Thursday, December 31, 2009

An offer you just can't refuse

"The purpose of the complaint, then, is to enable the appropriate magistrate... to determine whether the 'probable cause' required to support a warrant exists. The [magistrate] must judge for himself the persuasiveness of the facts relied on by a complaining officer to show probable cause. He should not accept without question the complainant's mere conclusion that the person whose arrest is sought has committed a crime." -- Girodenello v. U.S., 357 US 480, 486 (1958)

"An affidavit for a search warrant is sufficient to establish probable cause if, from the totality of the circumstances reflected in the affidavit, the magistrate was provided with a substantial basis for concluding that probable cause existed." -- Serrano v. State, 123 SW3d 59-63 (Tex.App. -- Austin 2003, no. pet.)

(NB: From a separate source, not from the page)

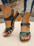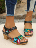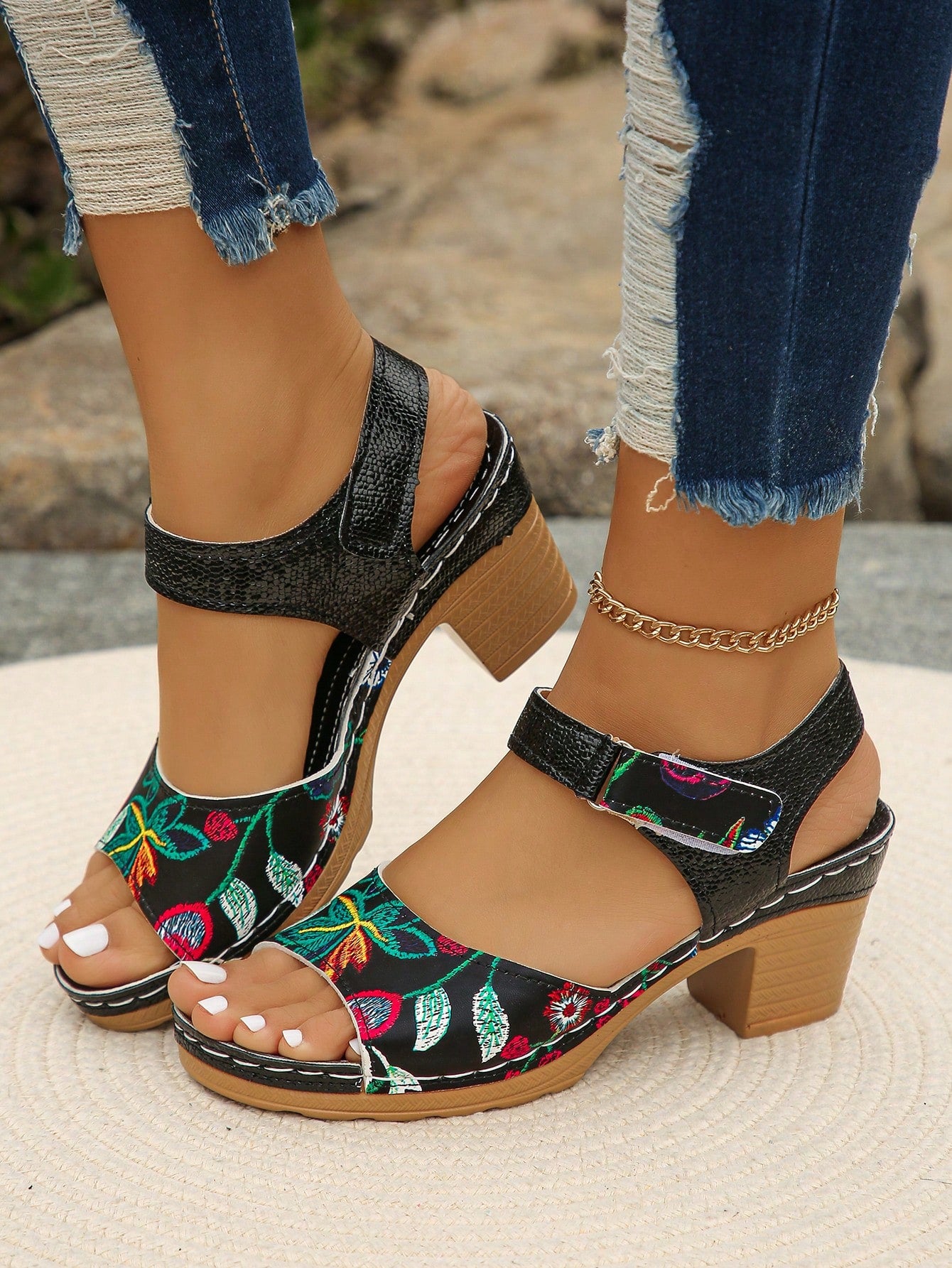 Sandals. Adorned with beautiful floral decorations, these sandals add a touch of elegance to any outfit. With a comfortable high heel, these sandals will keep you looking stylish while providing support. Perfect for any occasion"

A magistrate is to view an affidavit in support of a search warrant in a neutral and detached manner in order to ensure that a person's rights under the United States Constitution, the Texas Constitution and the Texas Code of Criminal Procedure are protected.


New Years Eve No Refusal Info: 2 nurses, 2 prosecutors, 1 judge and 100s of officers working DWI enforcement. DWI blood warrants in effect.
One judge to review all of the affidavits in support of a warrant for the forcible blood draw of a Texas motorist? Does that sound like a neutral and detached magistrate? Who are we kidding? Everyone knows the game this weekend -- the cops will arrest motorists they suspect are driving while intoxicated and should that motorist exercise his 5th Amendment right not to incriminate himself by submitting to a breath or blood test, the officers will fill out a cookie-cutter affidavit that the judge will sign because that's what he's there to do.

Meanwhile, if you're out and about this holiday weekend -- be careful out there.